I built PodPilot — stop babysitting your RunPod GPUs
Real talk — who else has done this on RunPod?
- Refreshed the GPU availability page 15 times waiting for an A100
- Created a volume in one region, then realized the GPU you need only exists somewhere else
- Left a pod running overnight and woke up $40 poorer
- SSH’d into a pod again just to download model weights
- Launched a pod, watched it sit in
CREATEDfor 10 minutes, and had no idea whether it was broken or just slow
I got fed up and built PodPilot — a Python wrapper around the RunPod API focused on ML/CV workflows.

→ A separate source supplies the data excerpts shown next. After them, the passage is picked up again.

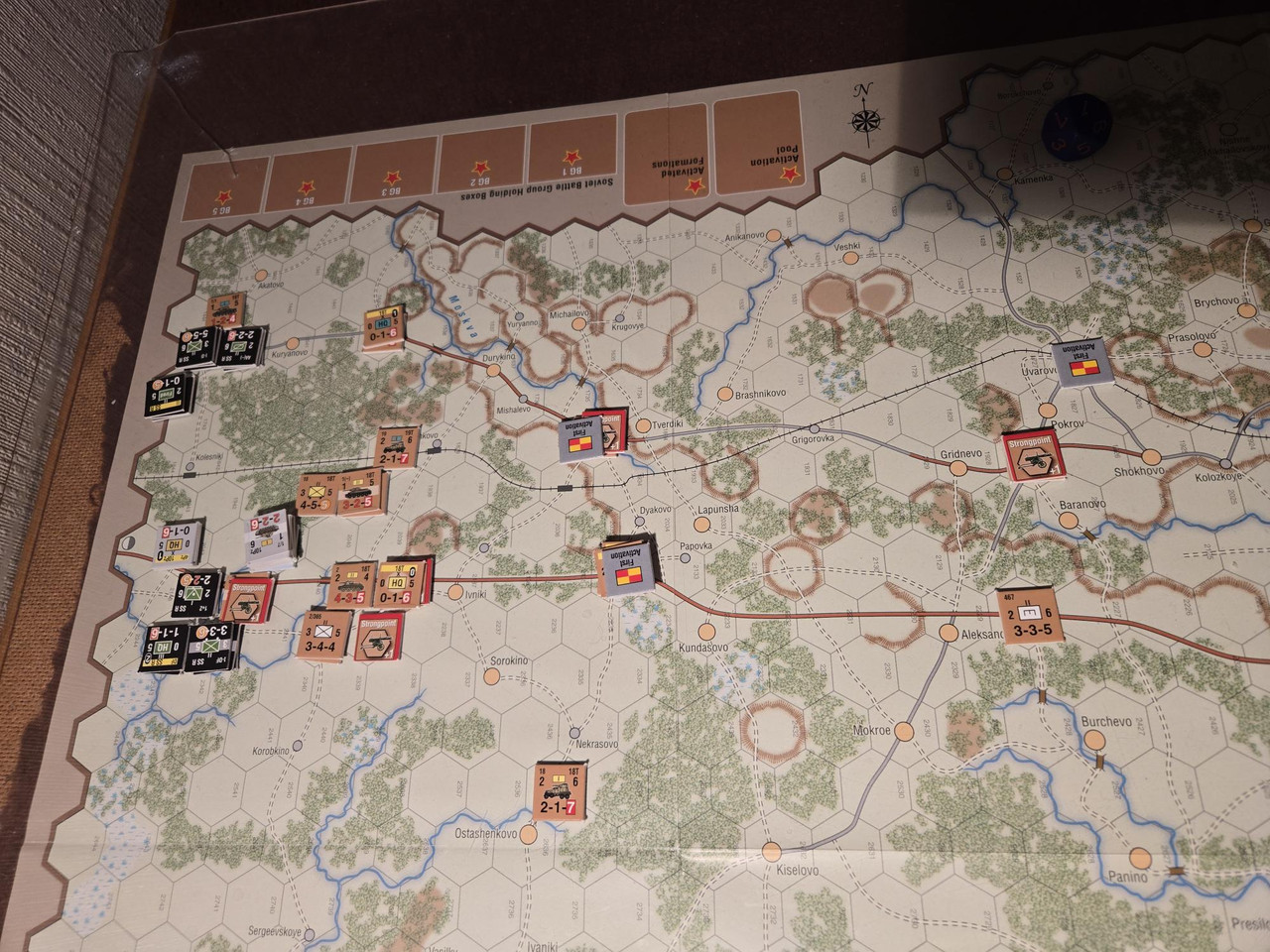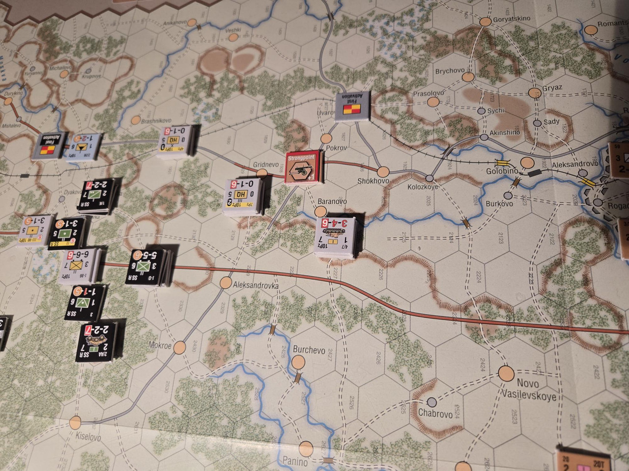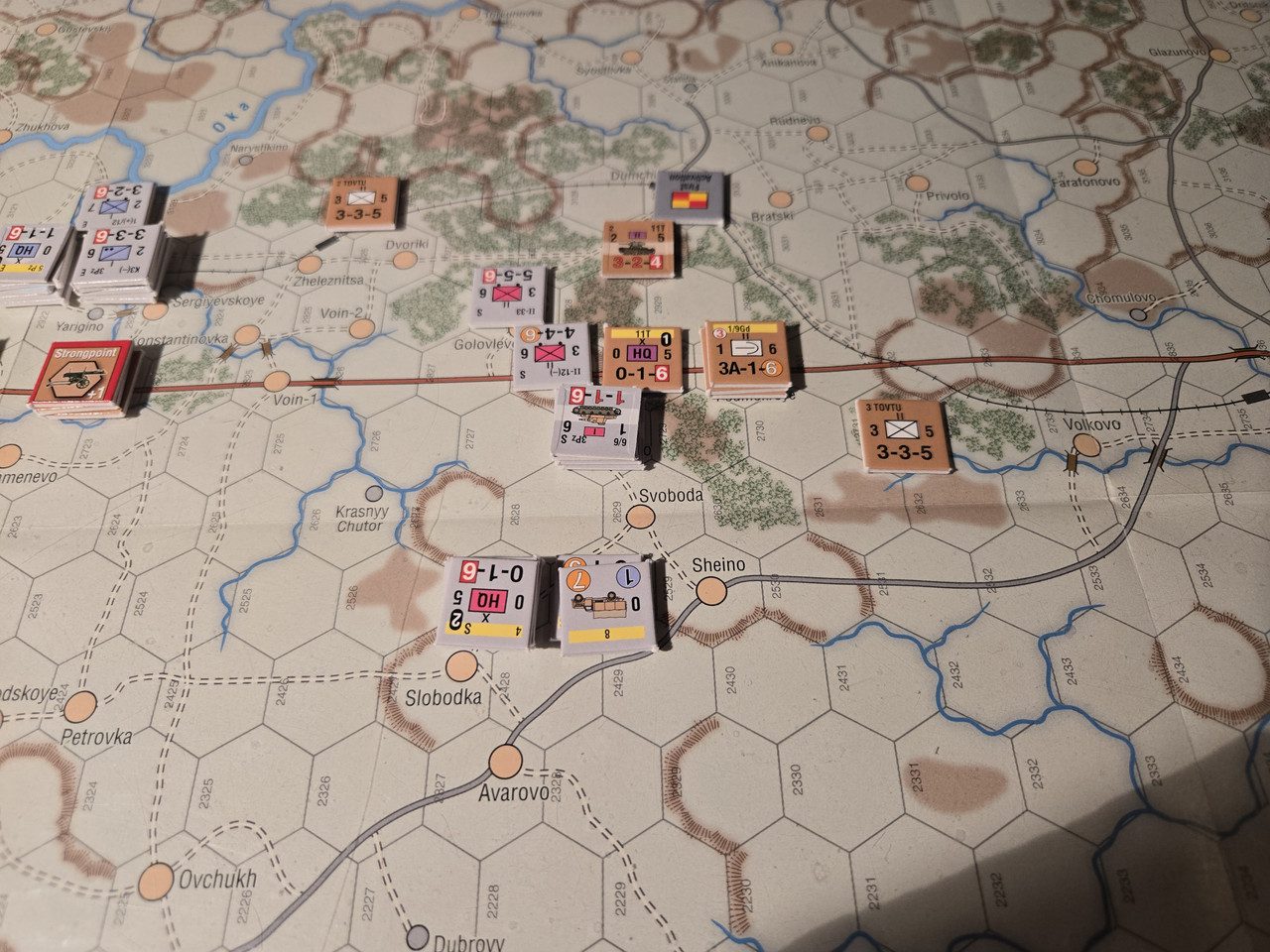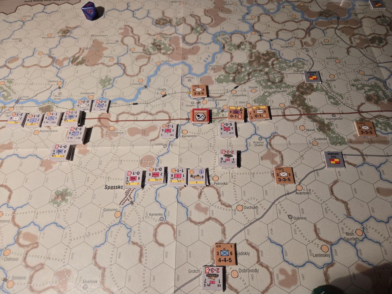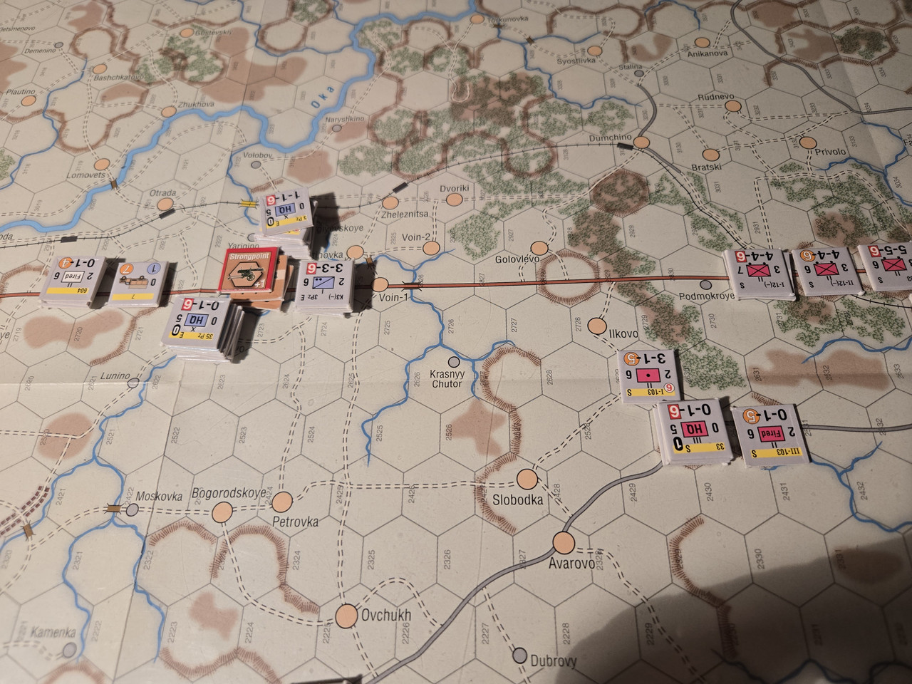 Utgångsläge för Mozhaysk scenariot. Bara ryssar på kartan. Nu är väster åt vänster, norr uppåt och öster åt höger. Den rödbruna vägen som går på övre halvan av kartan i väst-östlig riktning är motorvägen mellan Warszawa, Minsk, Smolensk, Vyazma och Moskva.
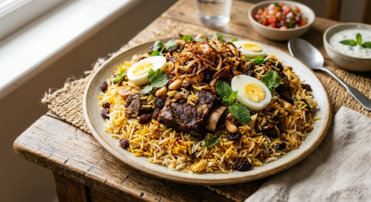 Zanzibar's coastal biryani is a spectacular layered celebration dish born from centuries of Omani trade and Swahili creativity — fragrant basmati rice stained saffron-gold layered over slow-cooked spiced beef, crowned with crispy fried onions, raisins, and halved hard-boiled eggs. The rice absorbs the complex dum-cooked steam, carrying notes of rose water, cardamom, clove, and ghee into every grain. This is feast food, built for occasions and shared at the table.
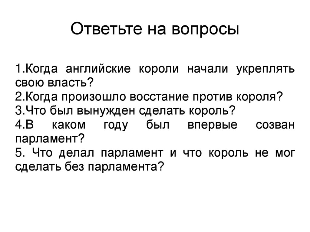 Ответьте на вопросы1.Когда английские короли начали укреплять
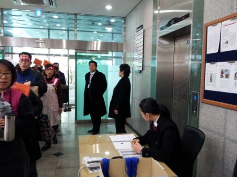 도착한순간 마음이 무너져 내리는것 같았습니다. 현관입구 앞에서부터 천막을 치고 직원분들이 '단결투쟁' 이라는 빨간머리띠와 빨간쪼끼를 다같이 입고 계셨습니다.
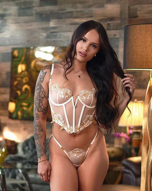 Indulge in elegance with our Peony Paradise Bridal 2-Piece Bustier lingerie set. Crafted with delicate lace and adorned with intricate floral details, this ensemble embodies romance. The bustier offers a flattering silhouette, while the matching panties complete the look with grace and allure. Flaunt your femininity on your special day
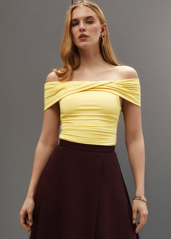 Топ із драпіруванням по бокам та відкритими плечима. Модель прилягаючого крою виконана із приємного до тіла трикотажу.
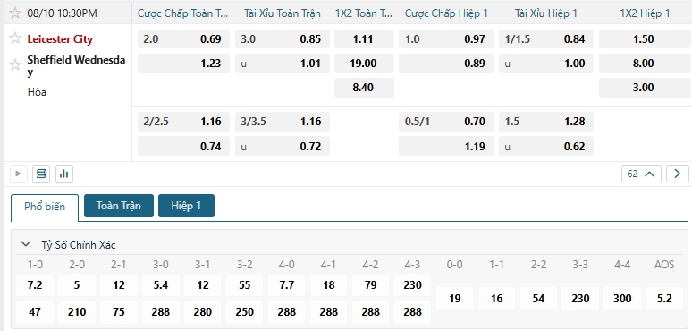 Bảng tỷ lệ kèo bóng đá trận đấu Leicester City vs Sheffield Wed
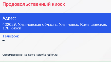 Продовольственный киоск по адресу 432029, Ульяновская область, Ульяновск, Камышинская, 19Б киоск в дальнейшем Организация, размещена в следующих категориях:
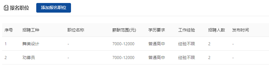 (注意:报名企业务必认真填写招聘岗位信息,必须确保岗位信息真实有效,并对此负责。岗位“薪酬”方式分别有月薪(元/月)、年薪(万元/月)、面议三种,填写薪酬范围时请务必注意与“薪酬”方式相匹配;填写的最低月薪工资不能低于我市最低工资。“岗位描述”填写岗位要求,不可以出现性别、宗教、民族、种族、年龄、户籍等歧视性条件。)
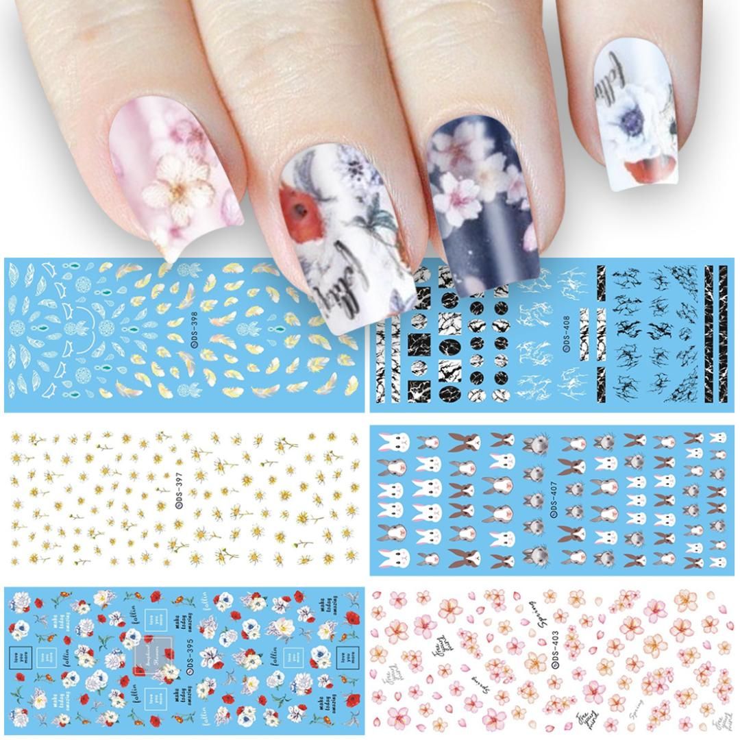 Marble Flower Design Decalsdaisy Rose Rabbit Feather Manicure Bunny
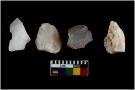 | Description / विवरण | There are n 4 of utilized worked cores and show irregular scar pattern on both dorsal and ventral side. Three are tapering at one end. |
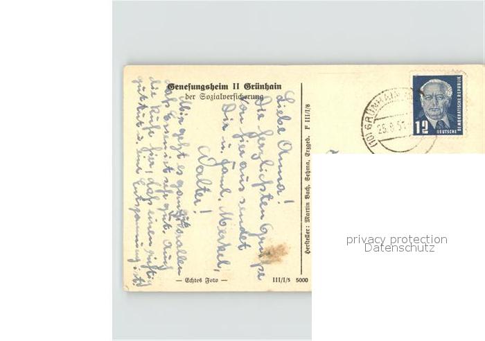 71973899 alte Postkarte Gruenhain-Beierfeld Genesungsheim II Sozialversicherung postalisch gelaufen Erhaltung siehe scans KatCode: 11110014191050
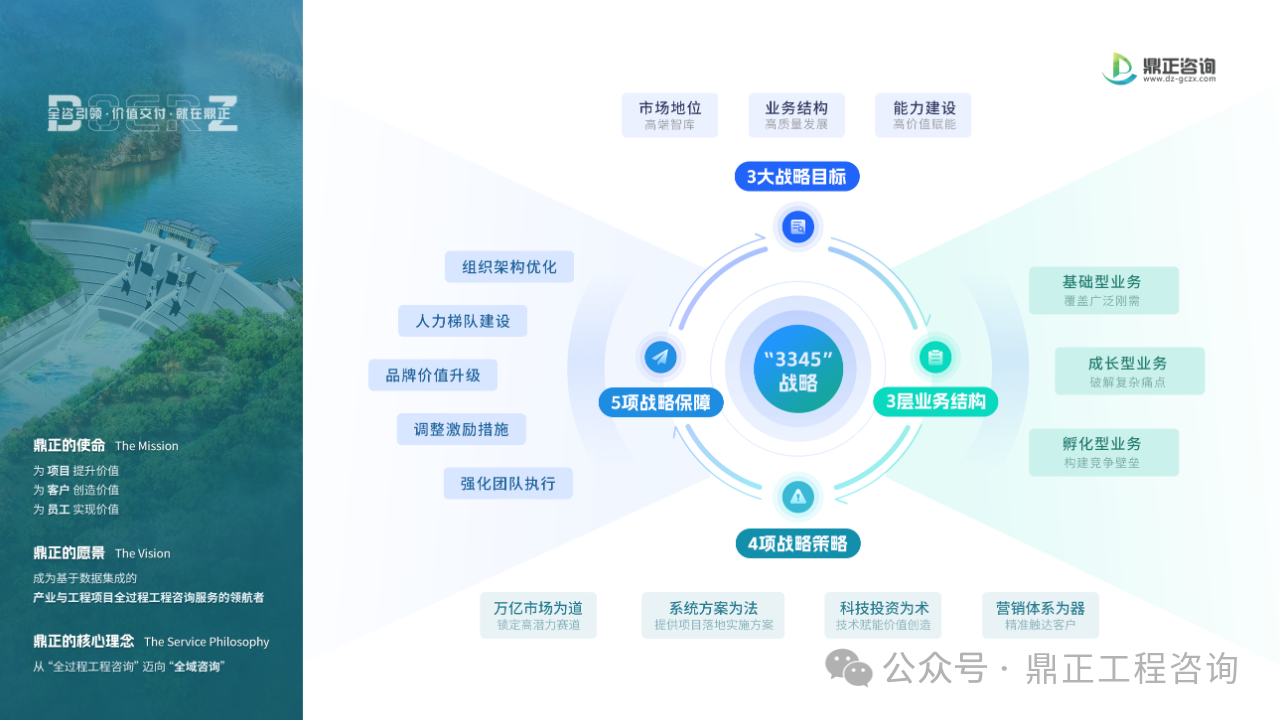 彭總指出,歷經(jīng)行業(yè)深度調(diào)整,鼎正已站在全新的發(fā)展起點。他強調(diào),破局的關鍵在于轉變思維模式,以全新姿態(tài)擁抱變革,探索新業(yè)務、構建新模式。“3345”戰(zhàn)略正是驅動這場轉型的核心引擎,通過堅定扎根縣域市場、構筑堅實技術護城河,重塑工程咨詢行業(yè)價值標準,鼎正將邁向更成熟、更理性的發(fā)展新階段,未來的發(fā)展也會變得更穩(wěn)健。

Here’s what it actually does that the dashboard + CLI don’t:
1. Smarter GPU selection
Instead of manually comparing cards, PodPilot scores GPUs using:
- VRAM fit
- Price
- Spot pricing
- Real-time availability
Works across both secure + community cloud.
mgr.recommend(vram_needed=48, budget=2.0)
It returns ranked recommendations with explanations — not just “here are some GPUs”, but why a specific GPU is the best value for your workload right now.
2. Volume + data center matching
This is probably the most annoying RunPod issue.
You create a volume in one data center…
then discover the GPU you actually need doesn’t exist there.
PodPilot checks GPU availability across data centers before creating the volume.
mgr.create_volume("my-models", 100, min_vram=48)
The volume gets placed where 48GB+ GPUs are actually available.
3. One-command model provisioning
This was the original reason I built the project.
You give PodPilot:
- a shell script
- target VRAM requirement
- volume size
It will:
- Find the best data center
- Create the network volume
- Launch the cheapest temporary pod in that region
- Upload and run your script
- Stream logs live
- Auto-terminate the pod afterward
​
mgr.provision_volume(
"sdxl-models",
size_gb=60,
download_script="download.sh",
gpu_vram=48,
)
End result:
- Models downloaded
- Volume ready
- No manual SSH
- No wasted GPU hours
4. Instant cost visibility
mgr.status()
╭─── RunPod Status ───╮
│ Balance: $47.23 │
│ Spend: $0.44/hr │
│ Hours left: 107.3h │
│ Pods: 2 running, 1 stopped │
│ ● training A100 80GB $1.64/hr │
│ ● inference RTX 4090 $0.44/hr │
╰─────────────────────────────────────╯
One glance shows:
- Remaining credits
- Burn rate
- Estimated runtime left
- Every running pod + hourly cost
5. Pod startup that actually gives feedback
0s Status: CREATED
12s Status: STARTING
Provisioning GPU... ████████████░░░░░░ 38s / 900s
52s Status: RUNNING
Pod ready!
- Live progress
- Auto-retry on API hiccups
- Timeout handling
- Duplicate pod detection
If a pod already exists, it resumes instead of creating another one.
6. Panic buttons
mgr.stop_all() # stop everything NOW
mgr.cleanup() # remove stopped pods eating storage
mgr.terminate_all() # nuke everything
Not a startup. Not a paid tool. Not even on PyPI yet.
Just something I built because I was spending more time managing infrastructure than training models.
git clone https://github.com/anmolduainter/PodPilot.git
Would love feedback from people running ML/CV workloads on RunPod.
What’s the most annoying part of your current setup?